Die vielen Regenschauer und die nicht sommerlichen Temperaturen führen allerdings dazu, dass die Nacht dem Rennen einiger Einzelfahrer den Abbruch beschert. Auch unserem Nachbarn. Größten Respekt hat seine Leistung verdient. Bis zum Abbruch hat er fast die gleiche Anzahl an Runden absolviert wie die RSG als Team. Kurz nach Mitternacht, nach dem ersten Turn auf dem klassischen Rennrad, wird aus seiner geplanten kurzen Verpflegung eine ausgiebige Dusche und aus dem Powernap ein 7 stündiger Schlaf der Gerechten. Bei der RSG nebenan ist ebenfalls Schlafenszeit. Die Taktik für die Nacht sieht 2-Runden-Turns für jeden Fahrer vor, damit die anderen genügend Zeit zum Duschen und Schlafen haben. Eine Wohltat nach den bis dahin absolvierten Rennstrapazen! Martin hat den Nutzen einer Schlafpause allerdings wohl nicht erkannt. „Ich trainiere für Paris – Brest – Paris, da muss ich auch die Nacht durchfahren“, grüßt er von der Rolle und strampelt auch in den Pausen fröhlich weiter.
„Wer's braucht...“ denken sich die anderen und nutzen das mäßig komfortable Schlaflager. Weil erholsamer Schlaf anders aussieht, ist keiner böse, als die Morgenstunden wieder den vollen Fokus fürs Rennen fordern. Die Strecke hat sich gefühlt deutlich geleert. Es scheint, als seien in der Nacht einige Teilnehmer ausgestiegen oder sie gönnen sich eine Pause. Sicher ist, dass es deutlich schwieriger geworden ist eine passende Gruppe zu erwischen, um die Runde mit wechselnder Führung möglichst schnell zu beenden. Die Zeiten der RSG-FahrerInnen bleiben dennoch weitestgehend stabil. Alle holen noch einmal das letzte aus sich heraus.
Als das Ende des Rennens naht, wird es noch einmal hektisch. Die Erkenntnis macht sich breit, dass nicht wie erwartet die letzte Runde, die vor 14 Uhr begonnen wird, gewertet wird, sondern die letzte Runde, die vor 14 Uhr beendet wird. David fühlt sich von der neuen Deadline angestachelt, Günter rechnet, Martin stellt fest, dass er Feierabend hat und Sarah bekommt die Gewissheit, dass sie das Rennen ins Ziel fahren darf. Ach, und Dietmar nimmt bei eigentlich strahlendem Sonnenschein noch einmal den letzten Platzregen mit. Traditionen wollen gepflegt werden.

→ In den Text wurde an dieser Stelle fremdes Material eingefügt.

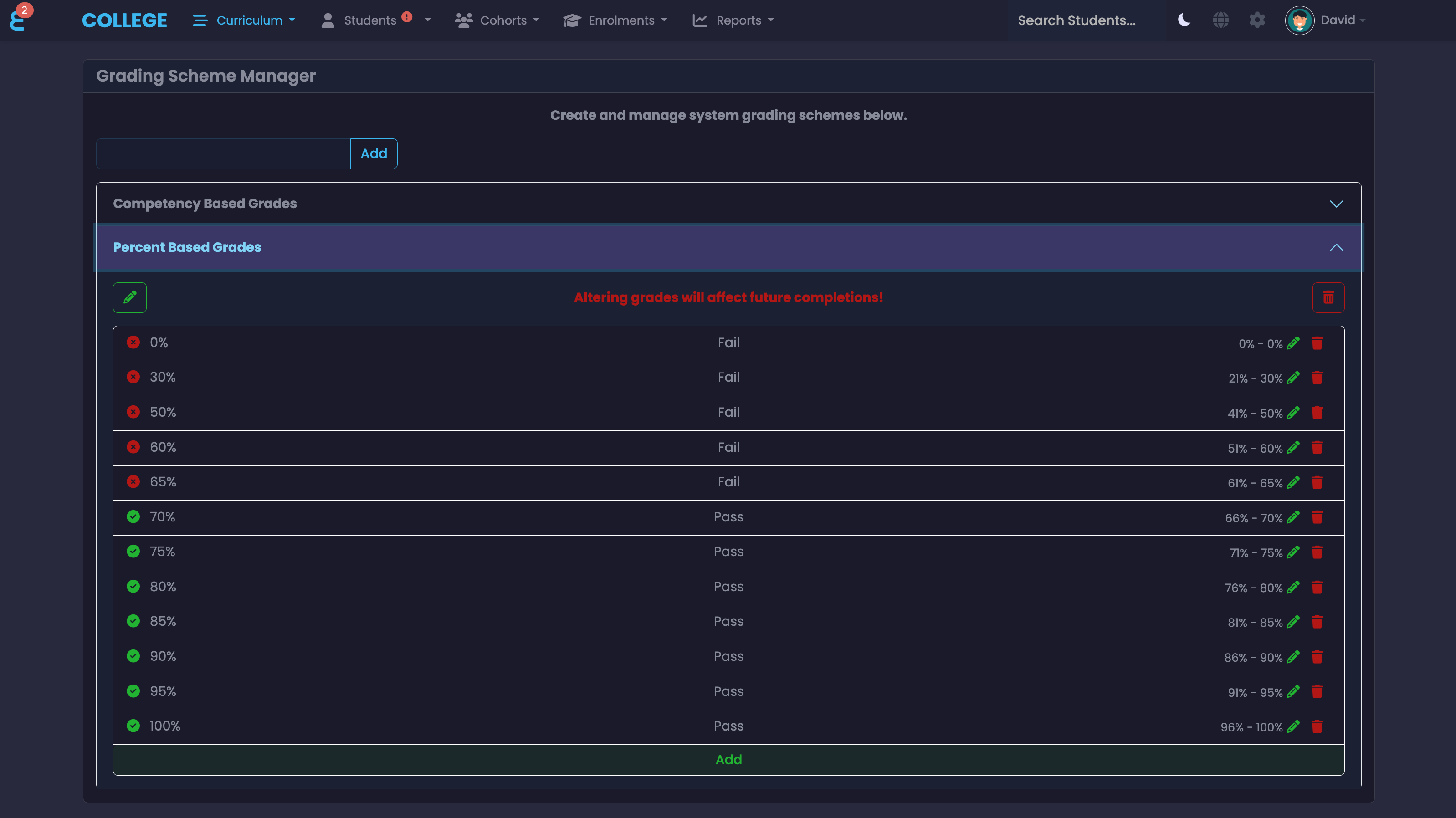 SELMA SIS enables institutions to implement customised grading schemes, offering tools for setting up scales, calculating grades, and ensuring consistency. It automates final grade calculations based on assignment and exam weightings, and supports competency-based marking for vocational programmes. Additionally, SELMA SIS enforces completion rules, tracking student progress and notifying administrators or students when requirements are met or at risk of falling short.

Um kurz vor 14 Uhr stehen die 4 Herren mit tausenden anderen Zuschauern im Festzelt und bejubeln die ins Ziel rollenden Fahrer. Und dann endlich auch ihre „Köchin“. Vor 14 Uhr. Sie hat die RSG Hövelhof auf der letzten Runde noch auf den 37. Platz der Herren-Team-Wertung gefahren.
Und so viel sei gesagt: Sarahs Durchschnittszeit ist die zweitschnellste im Team und damit war sie doch eher „das Salz in der Suppe“.
Stichwort Suppe: Die RSG Hövelhof wäre nicht die RSG Hövelhof, wenn im Anschluss an das Rennen nicht auch noch „Leistung“ gezeigt würde. Während das Festzelt um sie herum schon abgebaut wird, genießen die Finisher der RSG noch einige Hopfenkaltschalen und lassen das Erlebte noch einmal Revue passieren.